Connect to Databricks

This document provides instructions on how to configure a Databricks connection with Sigma.

Requirements

  • Admin privileges in your Sigma organization; see Account types.
  • Admin privileges in Databricks
  • We recommend that you avoid granting excessive permissions to the account you use when connecting to your data store; for example, you do not require SYSADMIN-level access.

Limitations

When connecting from Sigma to a Databricks data store, Sigma does not support the following features and interactions:

  • Dataset warehouse views
  • Connecting to the warehouse through OAuth
  • Support for function ArrayDistinct

Configure Databricks

Complete the following steps in Databricks before you add a Databricks connection to Sigma.

  1. Create a Databricks SQL endpoint if one doesn't already exist; see Databricks documentation on their specific SQL dialect. Databricks SQL endpoints are only available for Databricks accounts on their Premium plan or higher.

  2. We recommend that you disable Auto stop on your Databricks endpoint. In the Databricks SQL menu, navigate to SQL Warehouses and select the endpoint to use in Sigma.

  3. Click Edit in the more ••• menu and turn off Auto stop.

    📘

    If Auto stop is enabled for your Databricks SQL endpoint, then your first query will be slow or timeout when the SQL endpoint is in a suspended state.

    Starter_Endpoint.png

  4. Go to the SQL Admin Console to grant privileges to Databrick users or groups to add to Sigma.

    • For most use cases, SELECT privileges on tables and USAGE privileges on schemas/catalogs are sufficient.
    • You need to grant SELECT privileges for each table in a schema, even if the user has USAGE privileges on the schema.
    • Tables in the catalog hive_metastore require READ_METADATA privileges.
    • To enable the use of write-access features like input tables, materialization, and CSV upload, you must grant MODIFY privileges on a write schema.
    • Unity Catalog is Databricks’s newest catalog and is currently in public preview. Eventually, it will replace Hive Metastore. If Unity Catalog is enabled, Sigma can access catalogs, schemas, and tables managed by Unity Catalog.

Configure Sigma

Before setting up a connection in Sigma, create an access token,  and gather the Server hostname and HTTP path from your Databricks Starter Endpoint

StarterEP.png

Follow these basic steps to create a connection:

  1. Click the user icon at the top right of your screen. 
    The user icon is usually composed of your initials.

  2. In the drop-down menu, select Add connection.
    Select the Add connection option

  3. The Add new connections page appears.
    The connections page lists all supported database types, as icons

  4. In the Connection details, specify these:

    Name
    Specify the Name of the new connection.
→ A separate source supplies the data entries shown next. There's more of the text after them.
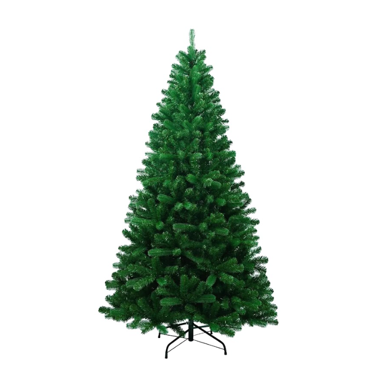 სადა მწვანე ნაძვის ხე გამძლე დრეკადი მეტალის ტოტებით და ჯანმრთელობისთვის უსაფრთხო მასალისგან დამზადებული წიწვებით. მეტალის მყარი სადგამით და მთავარი ღერძით.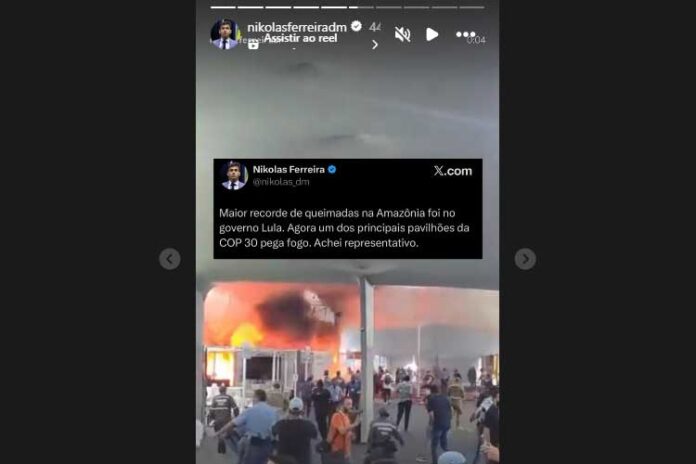 Nikolas Ferreira usou o seu perfil no Instagram para falar sobre o incêndio que atingiu um pavilhão na COP30, em Belém (PA). O deputado federal citou ainda os incêndios na Amazônia…Saiba mais!
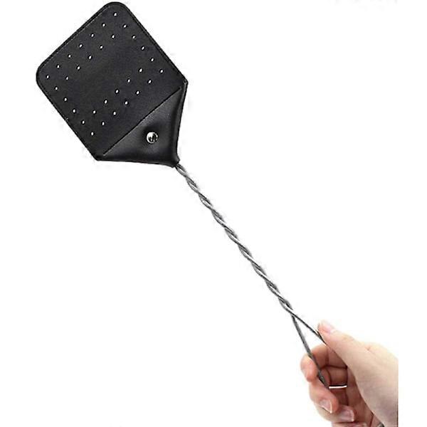2-Pack Rugged Leather Fly Swatter - 17.5" Heavy Duty with Metal Handle, Rustic Design for Flies, Bees (Chocolate)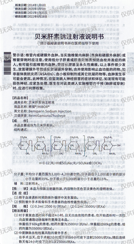 (1)對(duì)于重復(fù)血透時(shí)間不超過(guò)4小時(shí),且無(wú)出血危險(xiǎn)的患者,在開(kāi)始透析時(shí)一次性其向血管通路動(dòng)脈端單劑量推注本品。體重低于60kg的患者,給藥劑量為2500IU(抗Xa),體重超過(guò)60kg的患者,給藥劑量為3500IU(抗Xa)。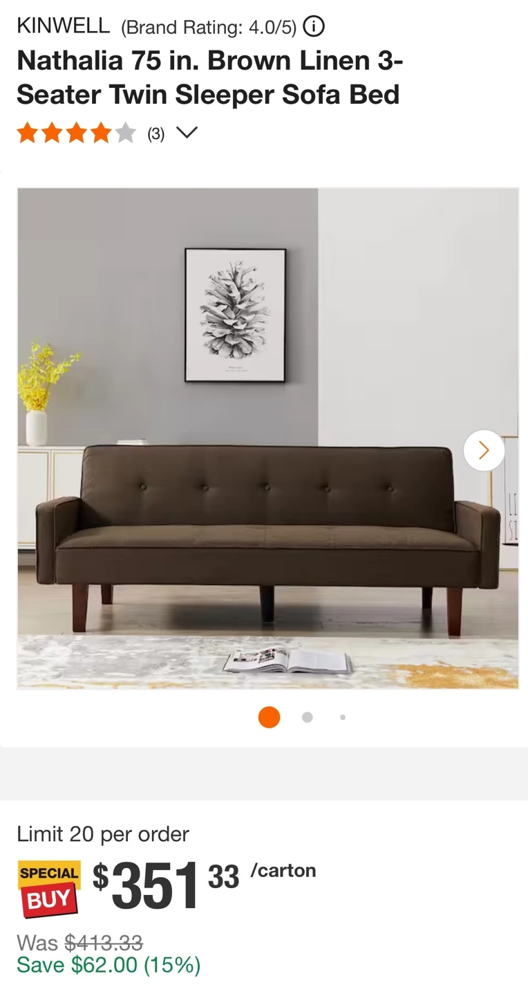 Nathalia 75 in. Brown Linen 3-Seater Twin Sleeper Sofa Bed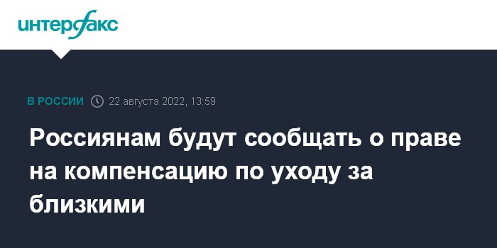Москва. 22 августа. INTERFAX.RU - Граждане с 2023 года начнут автоматически получать уведомления о том, что у них появилось право на компенсационные выплаты по уходу за близкими, сообщил на совещании с вице-премьерами премьер-министр Михаил Мишустин.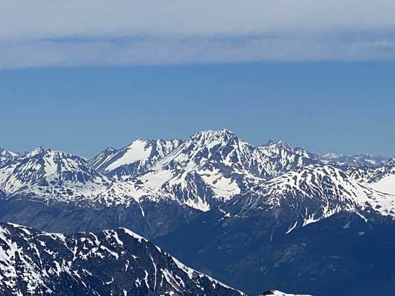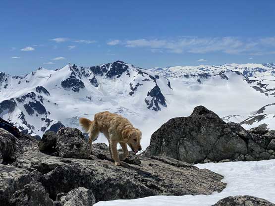 One bump required a substantial (>50 m) elevation loss that we descended quickly by glissading. Then we stuck reasonably close to the ridge crest on the edge between rocks/bushes and massive cornices for a few more horizontal kilometers to the base of the summit block. The summit block appeared daunting from afar but was actually not. Matt and I picked a route on the far climber’s right side scrambling up blocks of boulders. The route did seem to drag on for a long time. Eventually the slope angle petered out and we were back onto some snow fields and the next thing we had arrived at the summit. The true summit required a few 3rd class moves.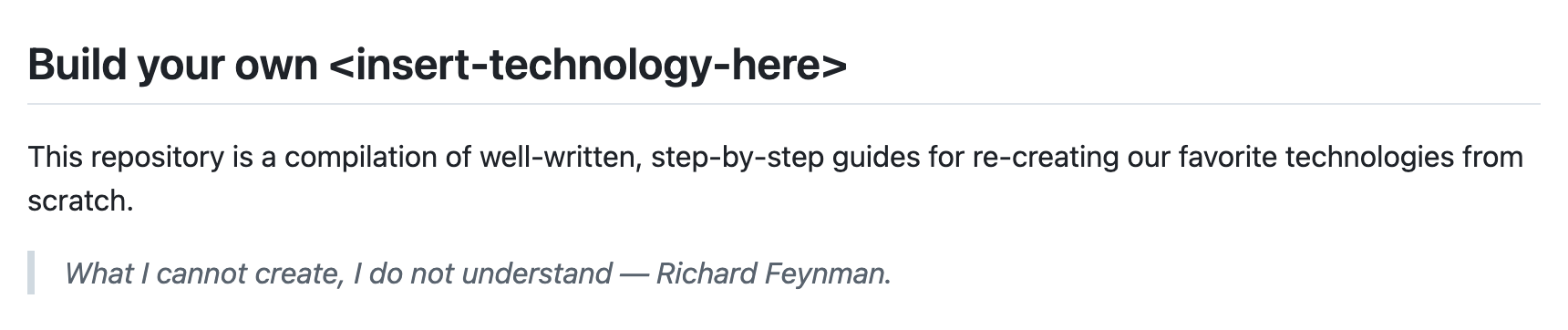 集合了众多从零开始构建各种技术项目的教程的仓库。这些技术项目包括3D渲染器、区块链、数据库、操作系统、编程语言等众多领域,旨在通过实践学习帮助人们深入理解这些技术的内部原理和实现过程。

Sigma displays this name in the connection list.
    Here, we use Databricks connection.
    Type
    Select the tile that represents the data warehouse you use.
    Here, click the Databricks tile.
  5. In the Connection Credentials section, specify the following:

    Host
    The address of your database.
    This can be a URL, or an IP address.
    HTTP path
    Enter the HTTP path of your Databricks cluster here.
    Access token
    Generate a token in Databricks, using these instructions, and enter its value here.
    For example, t457e0fo09iv7rwqnkof124084sou9jt.

    Connection credentials for Databricks

  6. In the Connection Features section, specify the following:

    Connection timeout
    The time before timeout (or cancellation), in seconds, that Sigma waits for the query to return results.
    Default is 120, or 2 minutes.
    Maximum is 600, or 10 minutes.
    Use friendly names
    This switch makes column names from the data source more readable.
    For example, a database column ORDER_NUMBER appears as Order Number.
    On by default.

    Connection features for Databricks

  7. In the Write Access section, decide if you require write access.
    See Set up write access.

    Enable write access
    Necessary for CSV upload and Materialization.
    Off by default.
    If on, specify the Write schema field.
    Write catalog
    The catalog where Sigma writes tables. 
    The first layer of the object hierarchy, used to organize your data assets.
    Appears only if Enable write access is on.
    Write schema
    The schema where Sigma writes tables. 
    The second layer of the object hierarchy, and contain tables and views; also known as databases.
    Appears only if Enable write access is on.

    Write access for the connection

  8. After you specify all the parameters of the connection, click Create.

  9. After you successfully create your connection, Sigma displays it on the screen.
    New connection created successfully

  10. To verify your connection, click Browse Connection, and then explore the visible databases and tables.
    Explore dbs and tables

  11. Click Add Permission to grant data access for users in your organization.
    See Data permissions.
    alt

  12. The new connection also appears in the list of connections you have in your account. 

Databricks Partner Connect

Databricks is one of Sigma's partners, so you can quickly establish a connection between them through the Databricks Partner Connect interface.